Judging from the time spent versus total earnings you were working at a loss, which probably couldn't be helped with the unfavorable circumstances of NYE 2016/2017.


----------



## Shangsta (Aug 15, 2016)

Digip said:


> So 400ish isn't 25 percent of 1600 ish?
> 
> But, you're an uber driver, so math isn't likely your strong suit...


One who doesnt photoshop wages. Lying is not your strong suit.
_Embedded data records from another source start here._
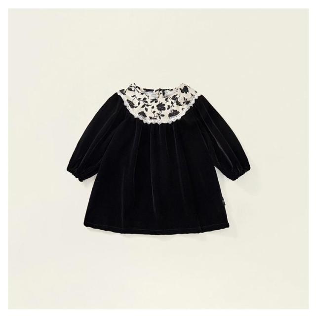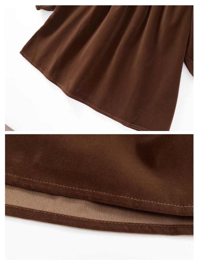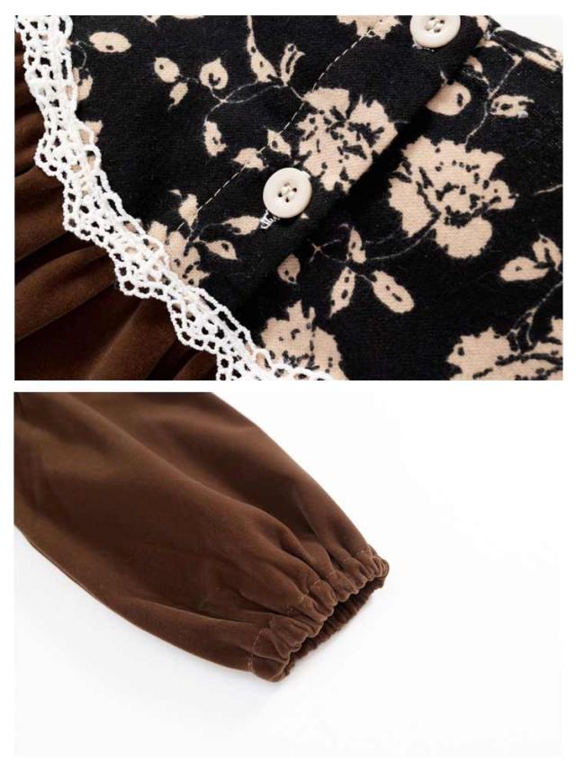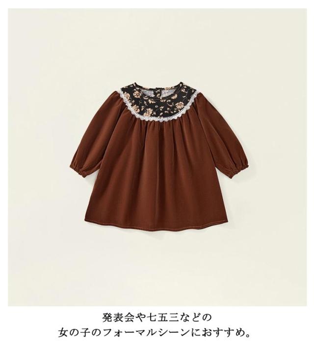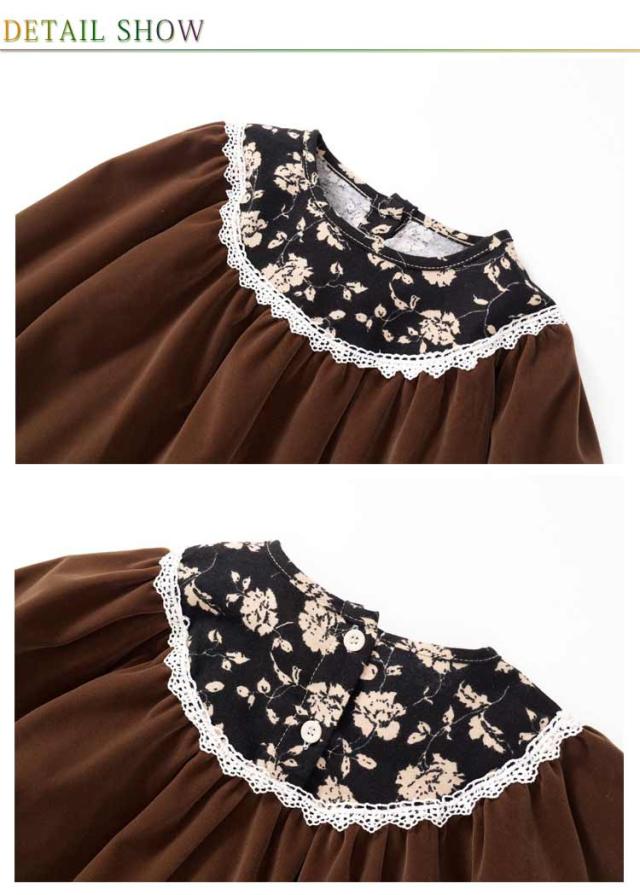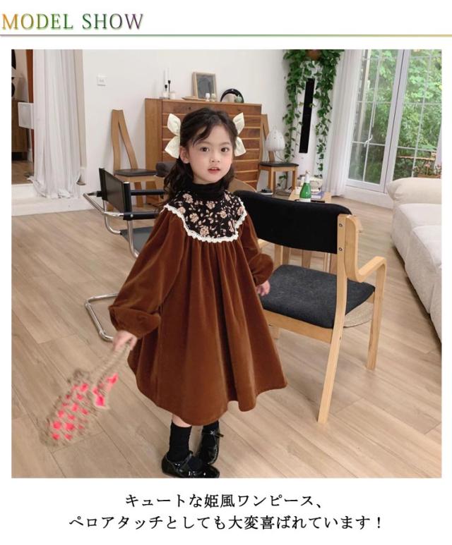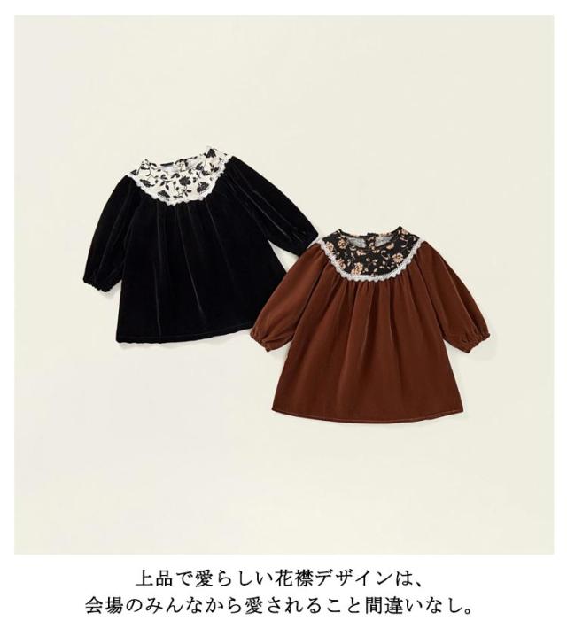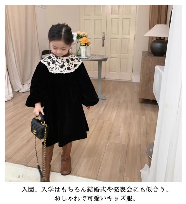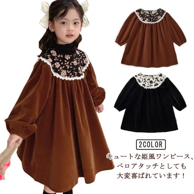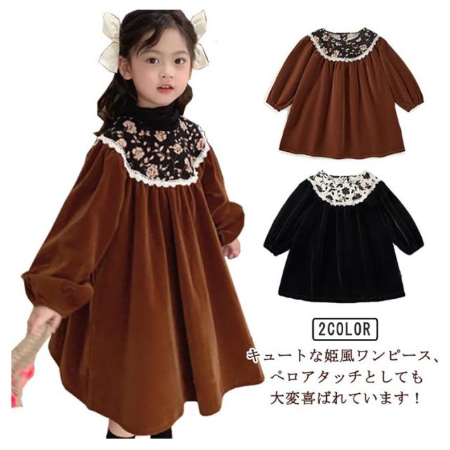 花襟 ベロアワンピース キッズ aライン ワンピース 長袖 女の子 ボリューム袖 バルーンスリーブ 子供服 こども服 子ども服 おしゃれ 通園 通学 おでかけ ガーリー お嬢様 90cm 100cm 110cm 120cm 130cm 140cm
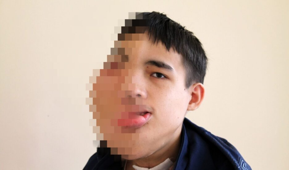 У Мурата очень редкое врожденное заболевание. Из-за генетического сбоя во время эмбрионального развития стали аномально расти кости и мышцы правой части лица и тела. Позвоночник деформировался так, что стал похож на змейку. Мурату трудно долгое время сидеть на одном месте. После физической нагрузки появляется одышка, давит в груди. В горле — трахеостома, но больше для подстраховки, на случай экстренной операции. Ее установили, когда он был еще маленьким и не убрали до сих пор.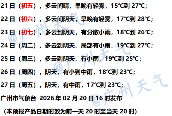 22日(初六),韶关、清远和肇庆市县多云间阴天,有小雨,其余市县多云间阴天,局部有零星小雨,大部市县早晚有(轻)雾。早晨最低气温:粤西和珠江三角洲中南部市县17~20℃,其余大部市县13~16℃。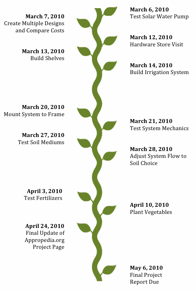 I plan on creating a solar powered vertical vegetable garden. My project will be a version that follows the concept shown in the photo below; where there is a self watering pump that is powered by the sun. I will be creating a low cost and mostly recycled version of the photo below, but also attempt to have a high density crop yield with a solar water pump through a different design. I hope to produce a high density vegetable garden that those on budgets can implement themselves with local resources.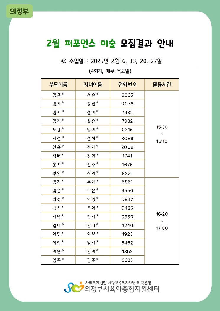 [의정부] 2월 부모-자녀 체험 프로그램 모집결과 안내 > 공지사항
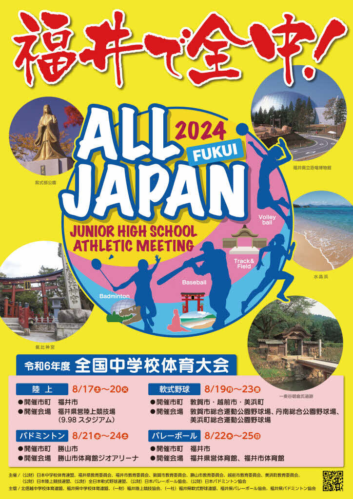 私たち「全国中学校体育大会福井県実行委員会」は、令和6年8月に北信越ブロックで開催される全国中学校体育大会全16競技のうち、福井県で開催される陸上・軟式野球・バレーボール・バドミントンの4競技大会を成功させるために組織されています。福井県中学校体育連盟を中心にして、県や開催市町および関係機関、競技団体等との連携を密にしながら、必要な準備や企画・運営にあたることを目的として開催前年の令和5年度に設立され、いよいよ本番の年を迎えることになりました。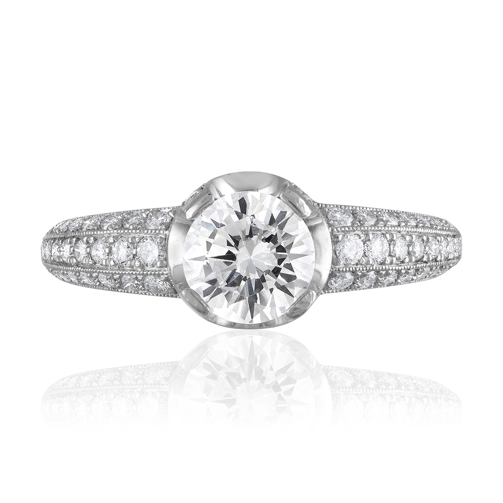 English designer Lucie Campbell has an affinity for platinum filigree mountings and this is one of the most romantic in her collection, curved mounting entirely set on three sides with diamonds, including the basket that will hold the diamond, designed for a 1.25 -1.75 carat gem.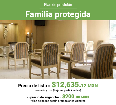 Adquirir un PLAN FAMILIAS PROTEGIDAS, es una solución que te ayuda de manera anticipada y planeada para el futuro, otorgando la opción de elegir el SERVICIO FUNERARIO según tus necesidades y gustos, además de pagarlo a cómodas parcialidades, dando la seguridad y tranquilidad que tú y tu familia necesitan en ese momento inevitable.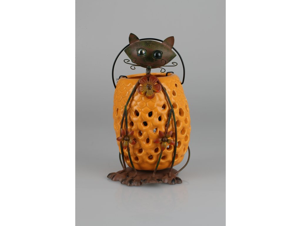 Kov.keram.mačka oranžová lucerna

Didnt think we would see the decimal?


----------



## OlDirtySapper (Jul 26, 2016)

$360 in Book +$250 in tips. Pretty slow for NYE really Usually I book more like 600 on NYE. Oh I was in a taxi tho. As for the whole do something profitable during your off hours heres a better idea. DONT DRIVE FOR UBER. You know the last time a cab was 60 cents a mile?? 1956 here. If its not worth doing part time its sure as hell not worth doing at all. My fares pay 3x uber and 90% of them tip. Anything under a $1 a mile with no tips and you are just being exploited really. The guy I lease my PoV to for him to uber made 200 and about 100 in tips. And most of that 100 wasnt tips it was illegal flag trips if i know him. Pretty sad when you cant out book cabbies with a 5x-9x surge rocking for 3 hours. But really whos gonna get in a car for a 75 min lol. Yeah you can make money ubering its just less than min wage if you work more than like 10 hours a week.(and only if you work the right 10 hours)


----------



## simpsonsverytall (Nov 6, 2015)

Shangsta said:


> Not true everyone in my market did well. Now not everyone made out like bandits but we all did well


Good for your market.
Anyone who has read these boards for a while knows that you project yourself as one of the successful drivers, and that you love Seattle's market.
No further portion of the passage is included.